И все же я должен объяснить читателю, почему из своих исследований я делаю выводы, которые, как может показаться на первый взгляд, не соответствуют действительности; почему, например, отмечая крайнюю умственную неполноценность толпы, включая собранные собрания, я все же утверждаю, что было бы опасно вмешиваться в их организацию, несмотря на эту неполноценность.
Причина в том, что самое внимательное наблюдение за фактами истории неизменно демонстрирует мне, что социальные организмы, будучи ничуть не менее сложными, чем организмы всех живых существ, не в нашей власти заставить их внезапно претерпеть далеко идущие преобразования. Природа иногда прибегает к радикальным мерам, но никогда не по нашей моде, что объясняет, почему ничто так не губительно для народа, как мания к великим реформам, какими бы прекрасными эти реформы ни казались теоретически. Они были бы полезны только в том случае, если бы можно было мгновенно изменить гений народов. Однако такой силой обладает только время. Людьми управляют идеи, чувства и обычаи - то, что составляет суть нас самих. Институты и законы - это внешнее проявление нашего характера, выражение его потребностей. Будучи его результатом, институты и законы не могут изменить этот характер.
Изучение социальных явлений невозможно отделить от изучения народов, среди которых они возникли. С философской точки зрения эти явления могут иметь абсолютную ценность, на практике же они имеют лишь относительную.
Следовательно, при изучении социального явления необходимо последовательно рассматривать его под двумя совершенно различными аспектами. Тогда станет ясно, что учения чистого разума очень часто противоречат учениям практического разума. Вряд ли найдутся данные, даже физические, к которым это различие было бы неприменимо. С точки зрения абсолютной истины куб или круг - неизменные геометрические фигуры, строго определенные определенными формулами. С точки зрения впечатления, которое они производят на наш глаз, эти геометрические фигуры могут принимать самые разнообразные формы. В перспективе куб может превратиться в пирамиду или квадрат, круг - в эллипс или прямую линию. Более того, рассмотрение этих фиктивных фигур гораздо важнее, чем рассмотрение реальных фигур, ведь именно их и только их мы видим и можем воспроизвести с помощью фотографии или на картинах. В некоторых случаях в нереальном больше правды, чем в реальном. Представить объекты в точных геометрических формах - значит исказить природу и сделать ее неузнаваемой. Если представить себе мир, жители которого могли бы только копировать или фотографировать предметы, но не могли бы их потрогать, то таким людям было бы очень трудно получить точное представление об их форме. Более того, знание этой формы, доступное лишь небольшому числу ученых, представляло бы лишь незначительный интерес.

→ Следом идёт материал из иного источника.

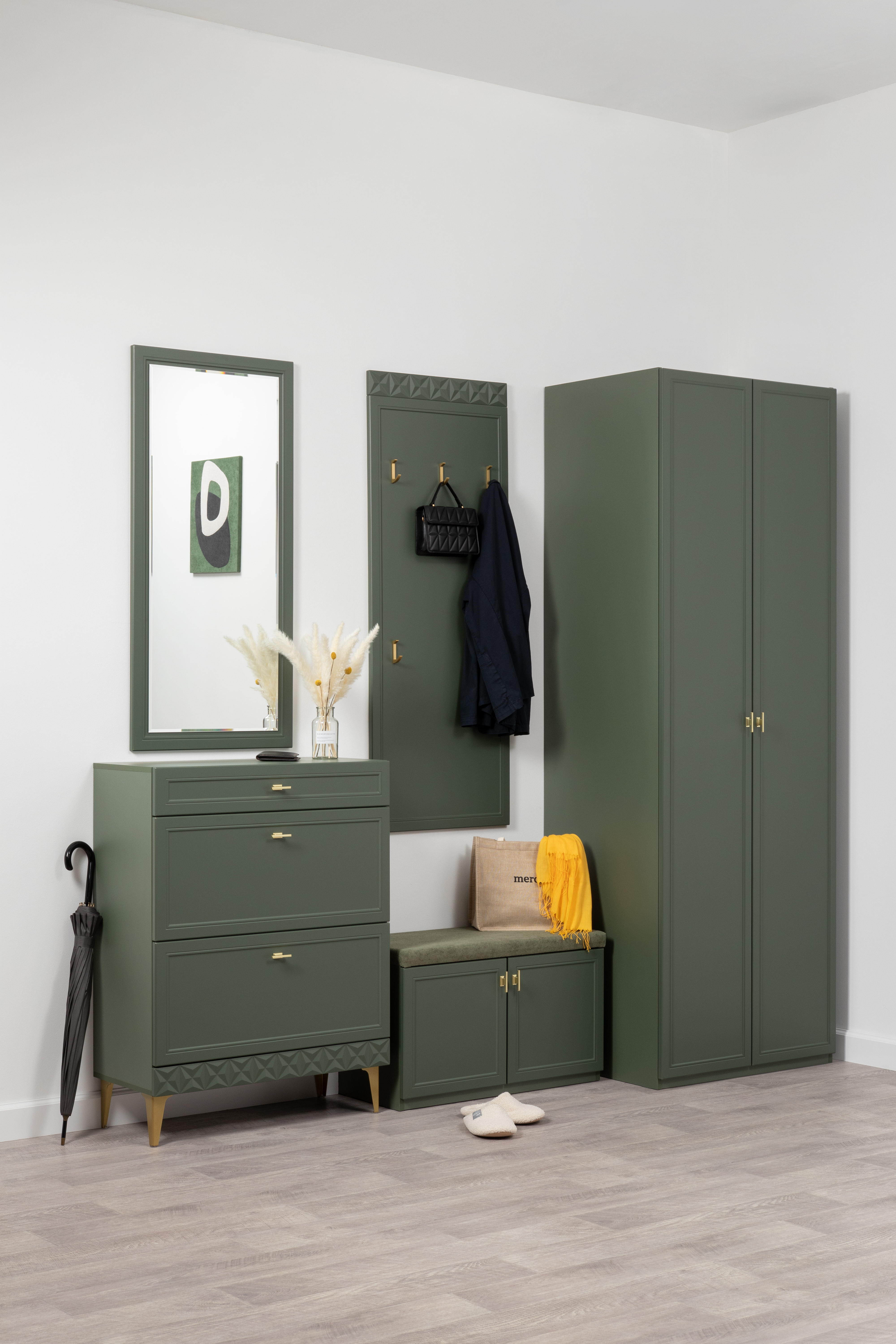Шкаф двустворчатый Марион 16.340.02 дымчатый зеленый K521, олива шагрень AG 1050 ПВХ

Философ, изучающий социальные явления, должен помнить, что наряду с теоретической ценностью они обладают практической ценностью, и только эта последняя имеет значение для эволюции цивилизации. Признание этого факта должно сделать его очень осмотрительным в отношении выводов, которые логика, как может показаться на первый взгляд, навязывает ему.

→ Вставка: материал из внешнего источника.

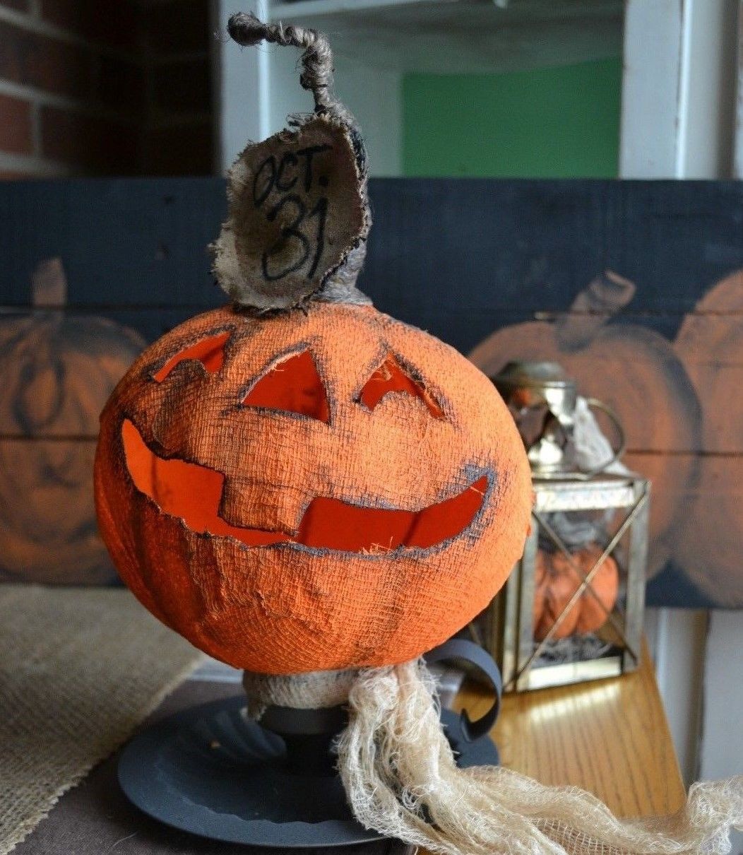 Title (ebay affiliate link): PRIMITIVE Halloween Pumpkin LIGHT UP Jack O Lantern CandLe Holder Base StoneMt

Есть и другие мотивы, которые диктуют ему подобную сдержанность. Сложность социальных фактов такова, что невозможно охватить их в целом и предугадать последствия их взаимного влияния. Кажется также, что за видимыми фактами скрываются порой тысячи невидимых причин. Видимые социальные явления оказываются результатом огромной, бессознательной работы, которая, как правило, недоступна нашему анализу. Ощутимые явления можно сравнить с волнами, которые являются выражением на поверхности океана глубинных волнений, о которых мы ничего не знаем. Если рассматривать большинство их действий, то толпы демонстрируют необычайно низкий менталитет; однако есть и другие действия, в которых они, похоже, управляются теми таинственными силами, которые древние называли судьбой, природой или провидением, которые мы называем голосами мертвых, и чью силу невозможно не заметить, хотя мы игнорируем их сущность. Временами кажется, что во внутреннем мире народов скрыты силы, которые направляют их. Что, например, может быть сложнее, логичнее, чудеснее, чем язык? Но откуда может взяться это великолепно организованное производство, если только оно не является результатом бессознательного гения толпы? Самые ученые академики, самые уважаемые грамматики могут не более чем записать законы, управляющие языками; они совершенно неспособны создать их. Даже в отношении идей великих людей мы уверены, что они являются исключительно плодом их мозга? Несомненно, такие идеи всегда создаются одинокими умами, но разве не гений толпы дал тысячи песчинок, образующих почву, на которой они возникли?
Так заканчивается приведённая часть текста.